On Wed, Nov 20, 2024 at 11:29:56AM -0500, Tom Lane wrote:
> Nathan Bossart <nathandbossart@gmail.com> writes:
>> Upthread, you mentioned that we could bypass multiple lookups unless both
>> the NAMEDATALEN-1'th and NAMEDATALEN-2'th bytes are non-ASCII. But if
>> there are encodings with the high bit set that don't require multiple bytes
>> per character, then how can we do that?
>
> Well, we don't know the length of the hypothetically-truncated
> character, but if there was one then all its bytes must have had their
> high bits set. Suppose that the untruncated name has a 4-byte
> multibyte character extending from the NAMEDATALEN-3 byte through the
> NAMEDATALEN'th byte (counting in origin zero here):
>
> [...]
>
> Now as for the shortcut cases: if C3 does not have the high bit set,
> it cannot be part of a multibyte character. Therefore the original
> encoding-aware truncation would have removed C3 and following bytes,
> but no more. The character immediately before might have been one
> byte or several, but it doesn't matter. Similarly, if C2 does not
> have the high bit set, it cannot be part of a multibyte character.

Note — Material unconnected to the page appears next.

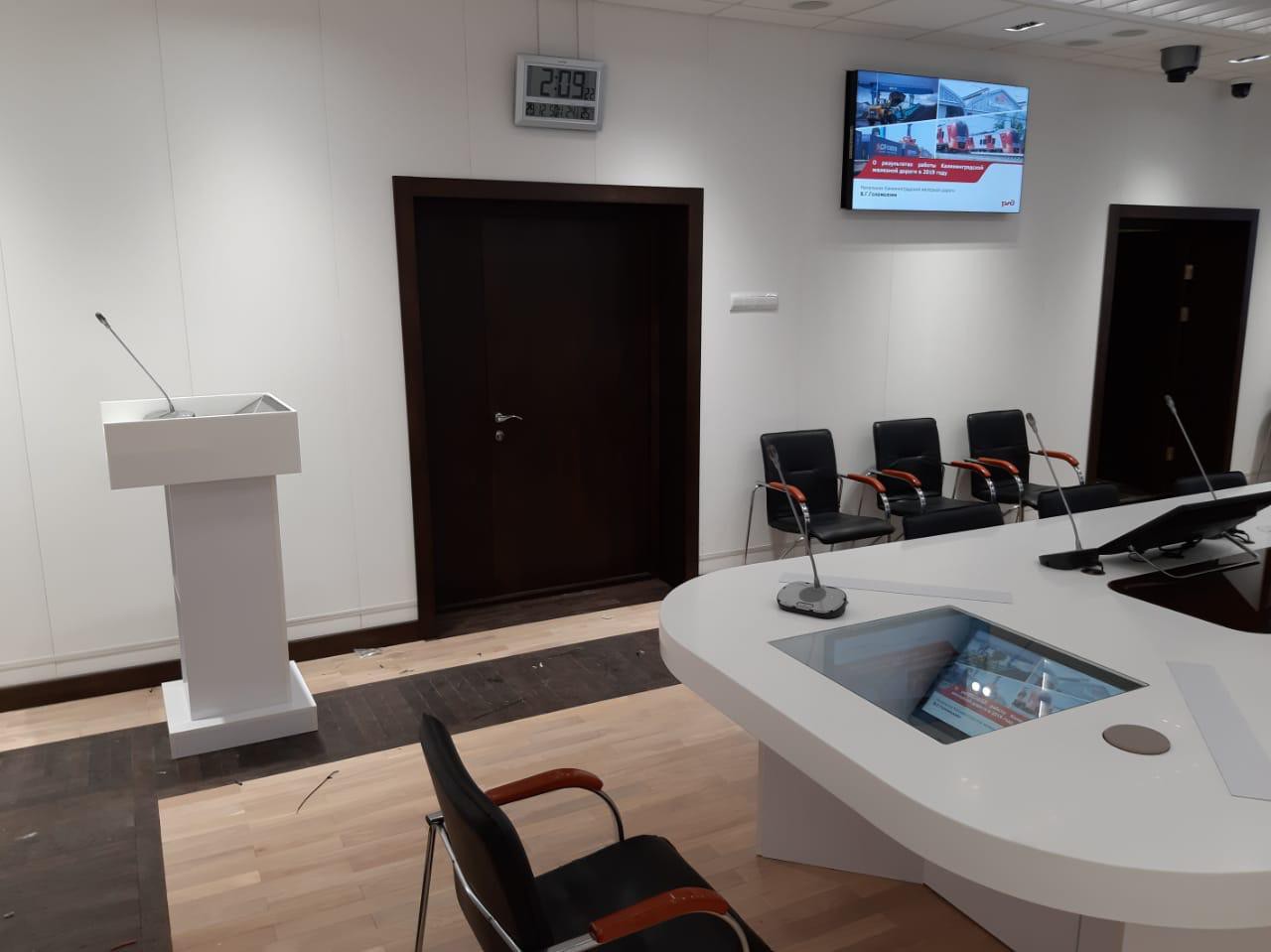 Так же совеместно с нашими партнёрами было проведено проектирование и монтаж оборудования и систем для совещаний.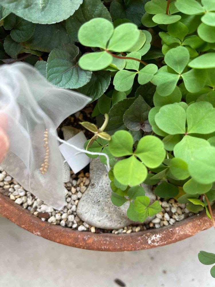 一個だけ、花摘みせずに、紅茶の袋被せ

> The original truncation would have removed C3 and following bytes,
> but no more.
Oh, I think I had an off-by-one error in my mental model and was thinking
of the NAMEDATALEN-1'th byte as the last possible byte in the identifier
(i.e., name[NAMEDATALEN - 2]), whereas you meant the location where the
trailing zero would go for the largest possible all-ASCII identifier (i.e.,
name[NAMEDATALEN - 1]). Thank you for elaborating.
--
nathan